Extract, in full, the lines below, beginning at the first and ending with the line that contains "Notice that in". Pictures do not belong in the copy.

──────────────────────────────

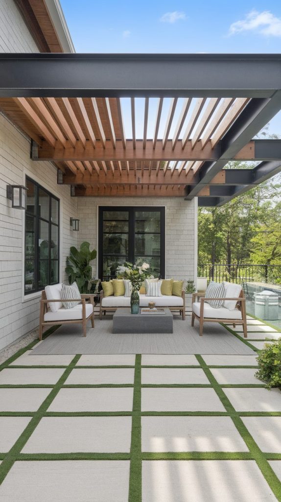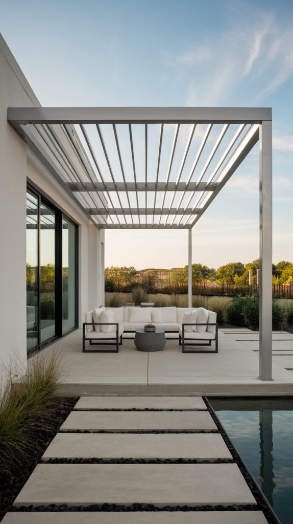 This style works especially well if you love versatility. You can host brunch, read outside, or enjoy evening drinks without feeling boxed in. IMO, adjustable pergolas make the patio feel like an extension of your living room instead of an afterthought.
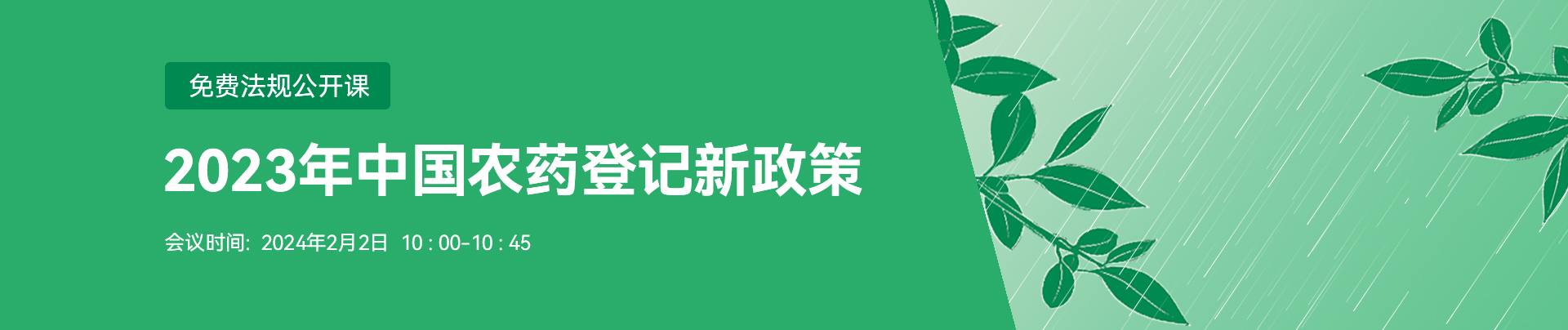 2023年,中國農業農村部(MARA)和農藥檢定所ICAMA發布了許多新的農藥法規,涵蓋登記管理,農藥生產管理和農藥禁限用等方面。這些變化將對中國農藥行業以及向中國出口農藥的企業產生重大影響。瑞旭集團將于2024年2月2日舉辦免費線上法規公開課《2023年中國農藥登記新政策》,重點介紹中國農藥登記新政策和農藥登記審批的最新進展,幫助您應對中國農藥登記復雜的法規挑戰。
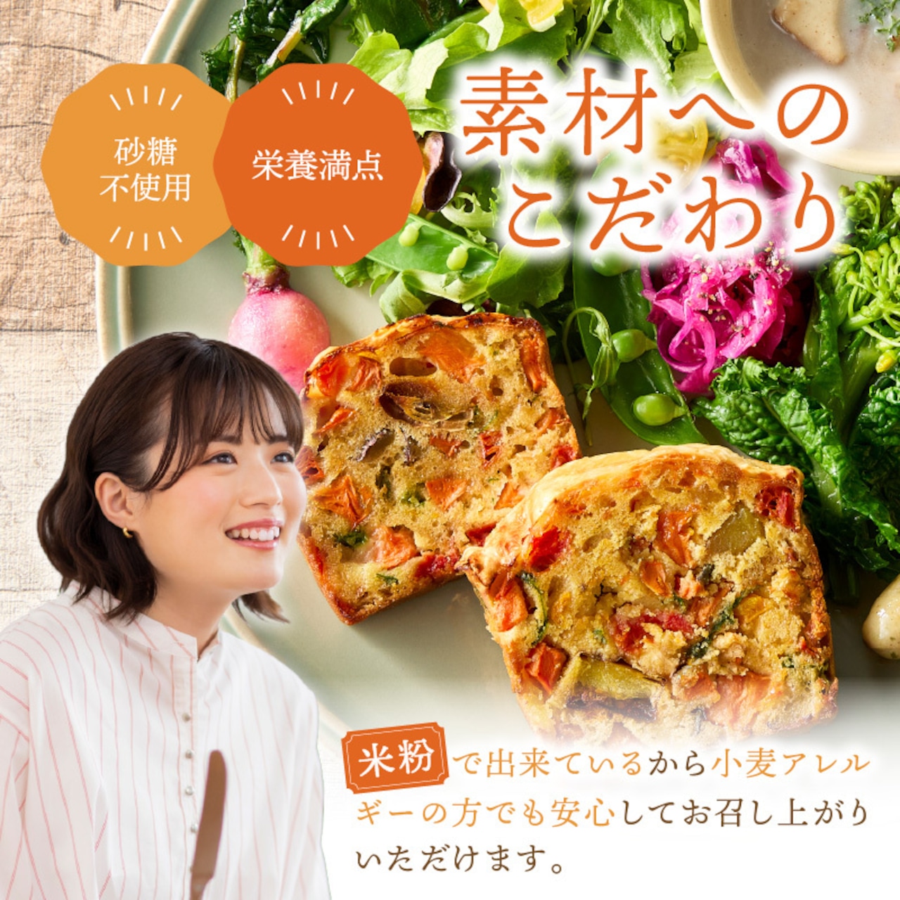 砂糖を使わない、米粉でできた野菜の塩ケーキ、“ケーク・サレ”。
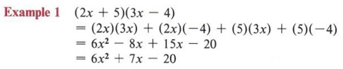 Notice that in the final answer each term of one parentheses is multiplied by every term of the other parentheses.
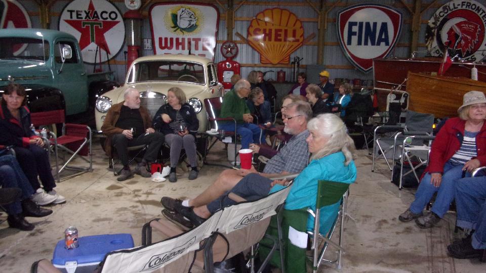 and ending at the farm of a club member near Ancaster, ON. Despite significant rain, they turned out 50 people for a club barbecue. Here we had the opportunity to ogle a collection of vintage cars and trucks and farm machinery while we stuffed ourselves silly and kicked tires and chatted about vintage British cars all afternoon.

──────────────────────────────

### EXERCISE RESPONSE
 This style works especially well if you love versatility. You can host brunch, read outside, or enjoy evening drinks without feeling boxed in. IMO, adjustable pergolas make the patio feel like an extension of your living room instead of an afterthought.
 2023年,中國農業農村部(MARA)和農藥檢定所ICAMA發布了許多新的農藥法規,涵蓋登記管理,農藥生產管理和農藥禁限用等方面。這些變化將對中國農藥行業以及向中國出口農藥的企業產生重大影響。瑞旭集團將于2024年2月2日舉辦免費線上法規公開課《2023年中國農藥登記新政策》,重點介紹中國農藥登記新政策和農藥登記審批的最新進展,幫助您應對中國農藥登記復雜的法規挑戰。
 砂糖を使わない、米粉でできた野菜の塩ケーキ、“ケーク・サレ”。
 Notice that in the final answer each term of one parentheses is multiplied by every term of the other parentheses.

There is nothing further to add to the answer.